11th Dean of the Notre Dame Law School
- Incumbent
- Assumed office July 1, 2019
- Preceded by: Nell Jessup Newton

Personal details
- Education: Cornell University (BS) Northwestern University (JD)

= G. Marcus Cole =

American legal academic

G. Marcus Cole is an American legal scholar on bankruptcy law. He serves as the Joseph A. Matson Dean and Professor of Law at the Notre Dame Law School. His field of study is in the law of bankruptcy, corporate reorganization, and venture capital.

== Biography ==

=== Education ===
Cole received a Bachelor of Science with a major in applied economics from Cornell University in 1989 and a Juris Doctor from Northwestern University in 1993.

=== Career ===
Cole became an associate with the Chicago law firm of Mayer Brown, and then clerked for Judge Morris S. Arnold of the United States Court of Appeals for the Eighth Circuit.

He joined the faculty of Stanford Law School in 1997 and was Wm. Benjamin Scott and Luna M. Scott professor of law. He also taught for Law Preview, the law school prep course.

In January 2019, Cole was appointed Joseph A. Matson Dean of the Law School and professor of law at the University of Notre Dame by university president John I. Jenkins, effective on July 1, 2019.

=== Social engagement ===
Cole has also served on the editorial board of the Cato Supreme Court Review, the advisory board of the Independent Institute's Center on Culture and Civil Society, the academic advisory board of BARBRI, and as a member of the U.S. Court of Appeals for the Ninth Circuit’s Bankruptcy Judicial Advisory Committee.

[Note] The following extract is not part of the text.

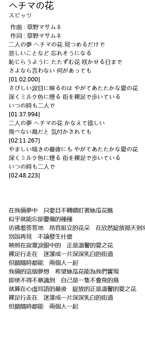 | [01:45.068] | 二人の夢 ヘチマの花 かなえて欲しい |

Cole served on the board of include the Central Pacific Region of the Anti-Defamation League of B’nai B’rith and Businesses United in Investing, Lending and Development (BUILD). He also served as president of the board of directors of Rocketship Education and was served on the board of trustees of Bellarmine College Preparatory.

== Personal life ==
Cole is a practicing Catholic. His son, Claude, played football at the University of Wyoming.

== Publications ==
- Delaware is Not a State: Are We Witnessing Jurisdictional Competition in Bankruptcy?, 55 Vanderbilt Law Review 1845-1916 (November 2002).